-- Opening Marker --

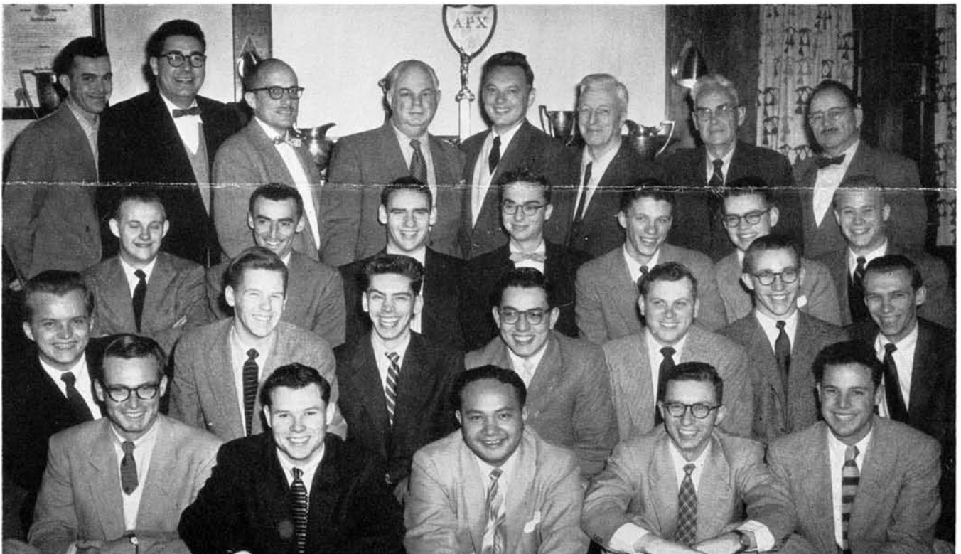
Officers and delegates who attended the 24th national convention at Ohio State which met Dec. 27, 28 and 29.
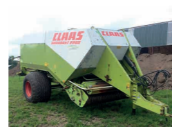
2002 Claas 2200 Big Square Baler, 120 x 70 bale, rotor feed, single axle, good working order £12,000 JW
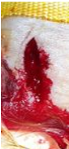
Figure (5-d): Wound after 15 minutes after exposure for 6 minutes.
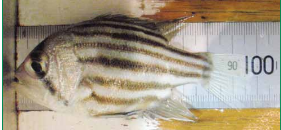
Figure 1. Juvenile dhufish (99mm total length).
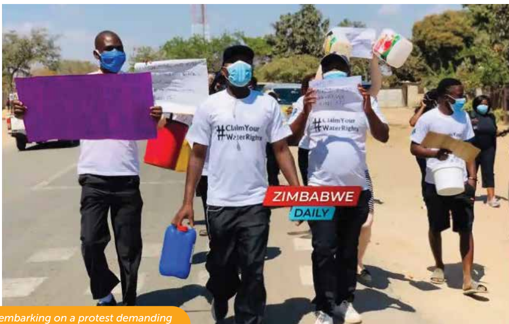
MIHR and NAYO embarking on a protest demanding access to safe water and climate justice
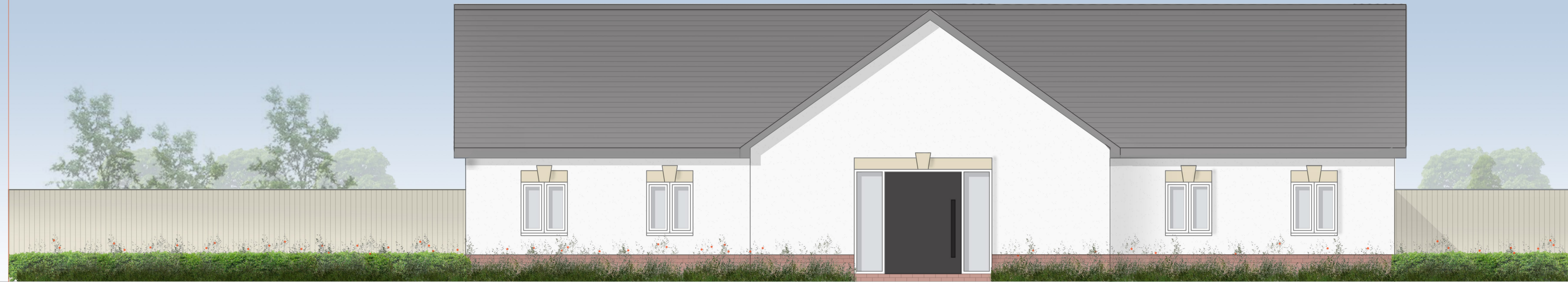
1 ELEVATION A-A (FRONT ELEVATION - SOUTH)
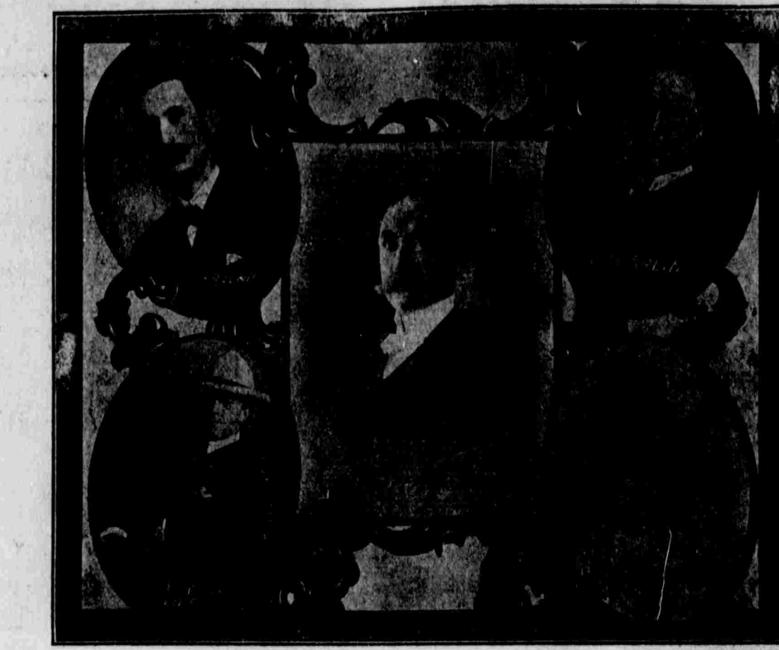
EXECUTIVE BOARD OF THE NEVADA CHAMBER OF COMMERCE.
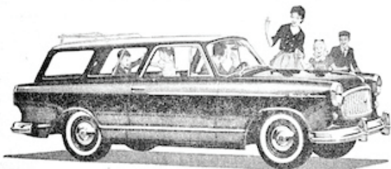
1960 Rambler American Custom 2-Door Station Wagon.

So hurry in while we still have a good choice of smart, double-useful station wagons—the world's best sellers in the 6-cylinder field. Don't delay. Prices of big used cars are plummeting—waiting may cost you hundreds of dollars. Buy today and save big money. Get a quality-built Rambler with proved top resale value.
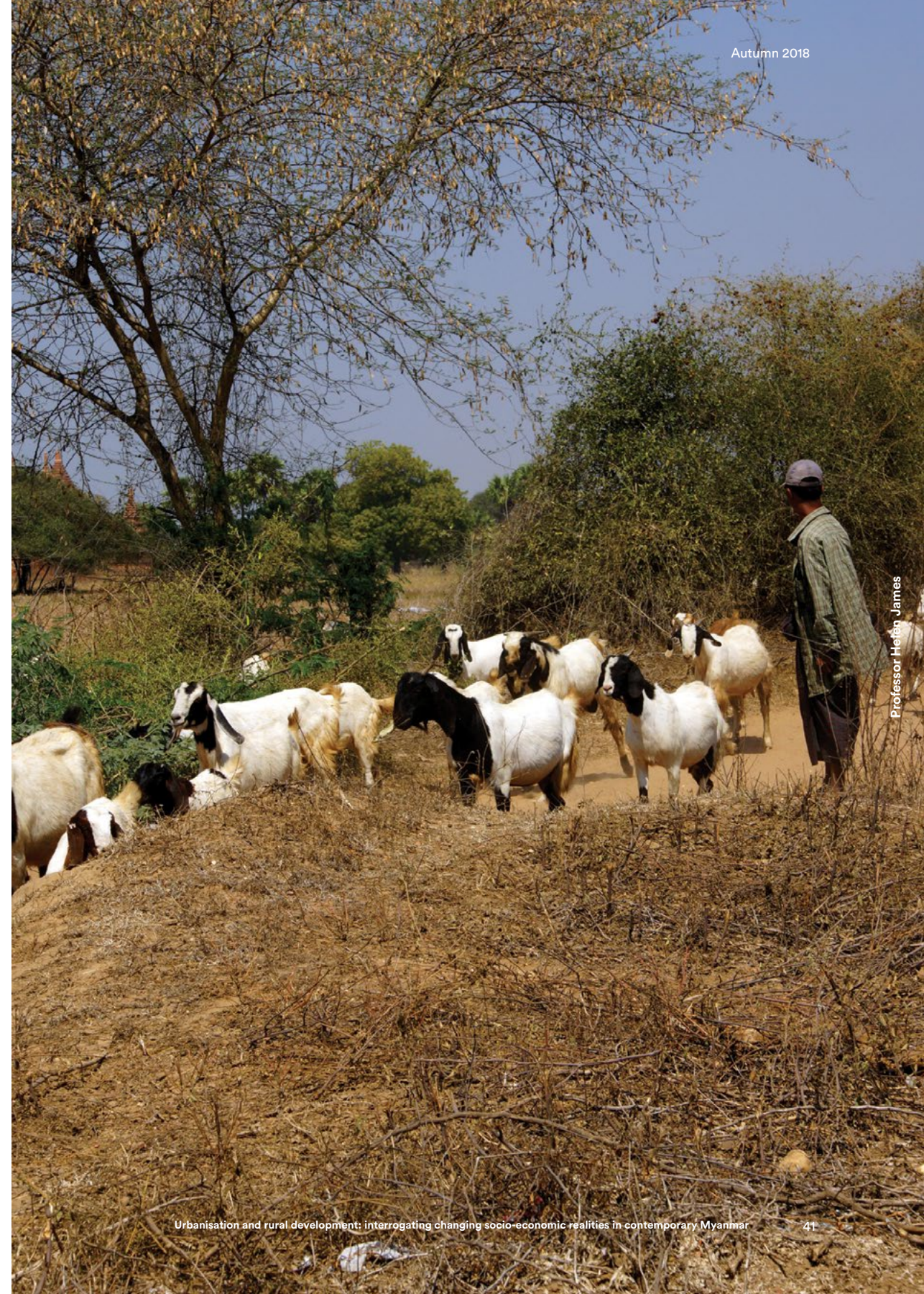
Professor Helen James

But there are many emerging downsides to this narrative of apparent increased prosperity arising from rural-urban migration. In the villages of the Delta, rising sea levels are resulting in soil salination which cannot sustain the crops of rice and legumes that provide the staple income for small farmers. Their plants grow, then wither and die leaving the farmers without a crop for food or income. Increasing poverty means that they must seek alternate sources of income such as fishing, making thatch from nipa palm, and weaving. Families separate as the young adults leave for the construction jobs in Yangon. Those family members remaining behind continuously seek alternate income generation opportunities. The movement of young adults, both male and female away from such rural communities is resulting in depletion of workforce capacity to support the productivity of agricultural communities. As the local workforce decreases, day wages for casual labor increase; this,

-- Closing Marker --

* **Work request**: Copy the whole of the material above exactly, and exclude every picture.

* **Expected answer**:
Officers and delegates who attended the 24th national convention at Ohio State which met Dec. 27, 28 and 29.
2002 Claas 2200 Big Square Baler, 120 x 70 bale, rotor feed, single axle, good working order £12,000 JW
Figure (5-d): Wound after 15 minutes after exposure for 6 minutes.
Figure 1. Juvenile dhufish (99mm total length).
MIHR and NAYO embarking on a protest demanding access to safe water and climate justice
1 ELEVATION A-A (FRONT ELEVATION - SOUTH)
EXECUTIVE BOARD OF THE NEVADA CHAMBER OF COMMERCE.
1960 Rambler American Custom 2-Door Station Wagon.

So hurry in while we still have a good choice of smart, double-useful station wagons—the world's best sellers in the 6-cylinder field. Don't delay. Prices of big used cars are plummeting—waiting may cost you hundreds of dollars. Buy today and save big money. Get a quality-built Rambler with proved top resale value.
Professor Helen James

But there are many emerging downsides to this narrative of apparent increased prosperity arising from rural-urban migration. In the villages of the Delta, rising sea levels are resulting in soil salination which cannot sustain the crops of rice and legumes that provide the staple income for small farmers. Their plants grow, then wither and die leaving the farmers without a crop for food or income. Increasing poverty means that they must seek alternate sources of income such as fishing, making thatch from nipa palm, and weaving. Families separate as the young adults leave for the construction jobs in Yangon. Those family members remaining behind continuously seek alternate income generation opportunities. The movement of young adults, both male and female away from such rural communities is resulting in depletion of workforce capacity to support the productivity of agricultural communities. As the local workforce decreases, day wages for casual labor increase; this,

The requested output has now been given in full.